Exercise aim
Under this line sits a listing. Repeat exactly and only its lines from the one holding "4月24日,在塞浦路斯首都尼" through the one holding "BOSCH POWERBOX RADIO, MILWAUKEE"; skip pictures.

Data provided
----------------

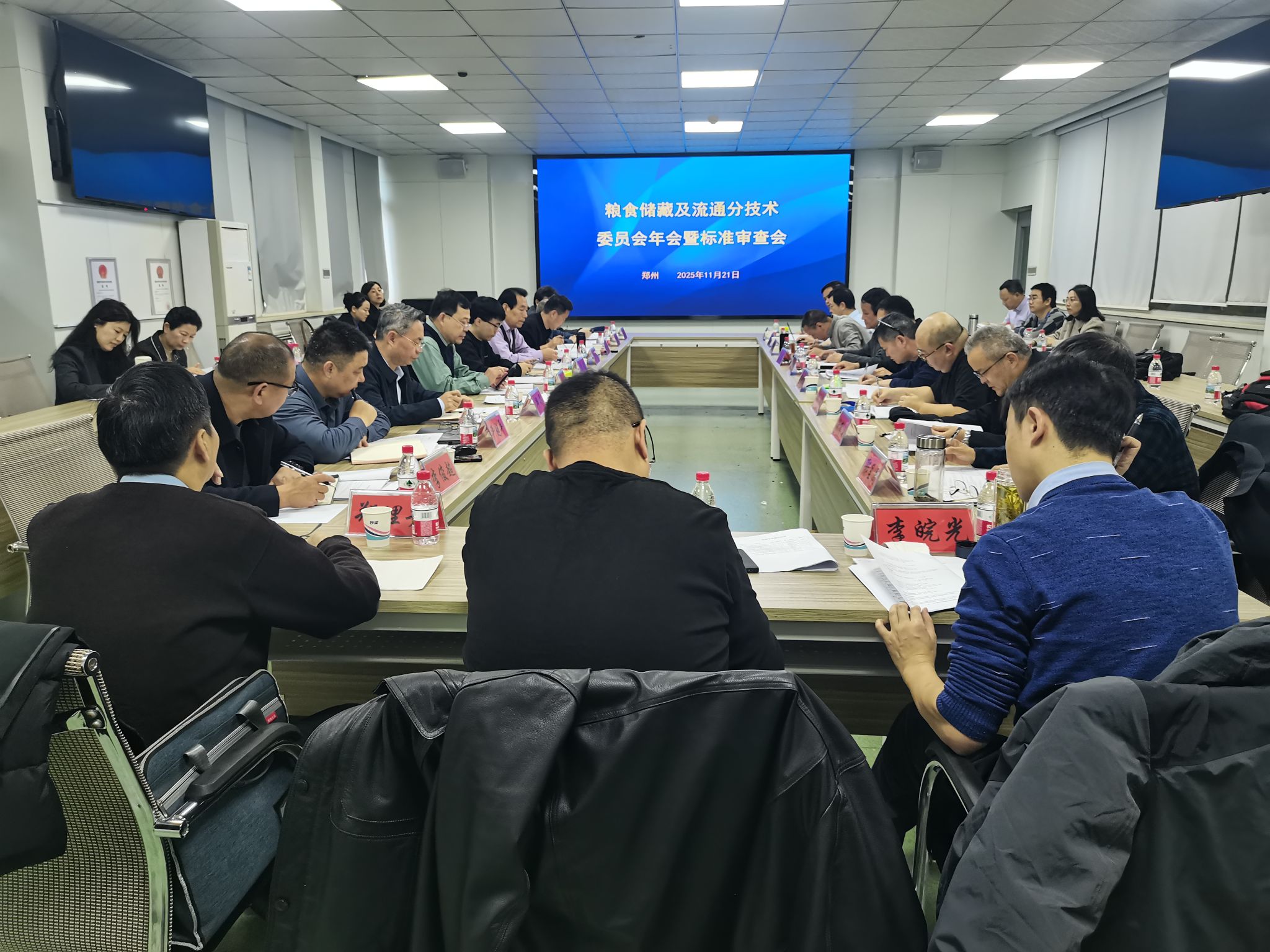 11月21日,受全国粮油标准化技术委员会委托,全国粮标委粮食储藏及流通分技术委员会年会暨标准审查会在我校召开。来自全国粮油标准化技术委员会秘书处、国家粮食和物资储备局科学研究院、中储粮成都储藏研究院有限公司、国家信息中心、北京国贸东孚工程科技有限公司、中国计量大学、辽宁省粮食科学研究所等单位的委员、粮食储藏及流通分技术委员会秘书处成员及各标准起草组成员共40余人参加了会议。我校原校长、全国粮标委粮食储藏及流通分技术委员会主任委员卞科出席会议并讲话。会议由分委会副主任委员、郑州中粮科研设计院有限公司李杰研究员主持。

----------------

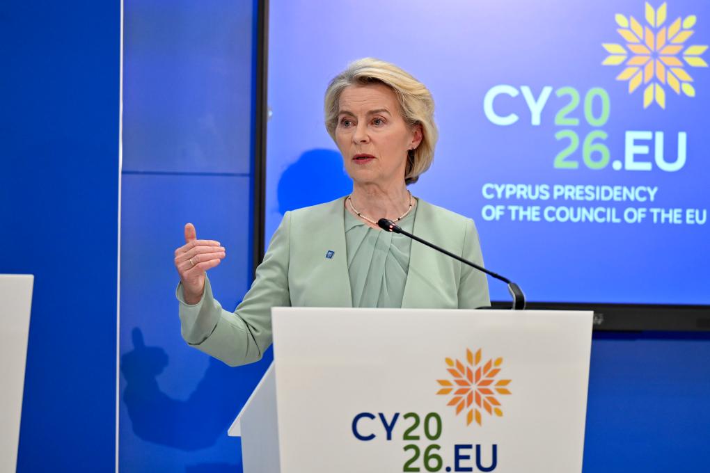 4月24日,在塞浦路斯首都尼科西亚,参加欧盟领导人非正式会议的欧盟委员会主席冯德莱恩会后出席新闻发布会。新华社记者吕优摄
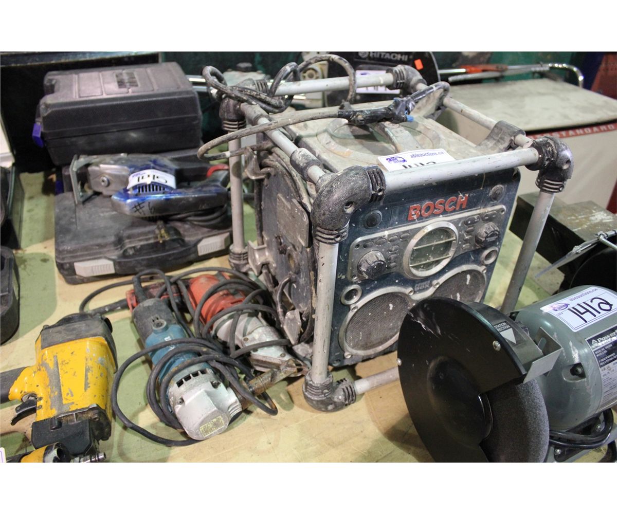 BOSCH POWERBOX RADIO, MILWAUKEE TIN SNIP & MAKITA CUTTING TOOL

----------------

Solved exercise
 4月24日,在塞浦路斯首都尼科西亚,参加欧盟领导人非正式会议的欧盟委员会主席冯德莱恩会后出席新闻发布会。新华社记者吕优摄
 BOSCH POWERBOX RADIO, MILWAUKEE TIN SNIP & MAKITA CUTTING TOOL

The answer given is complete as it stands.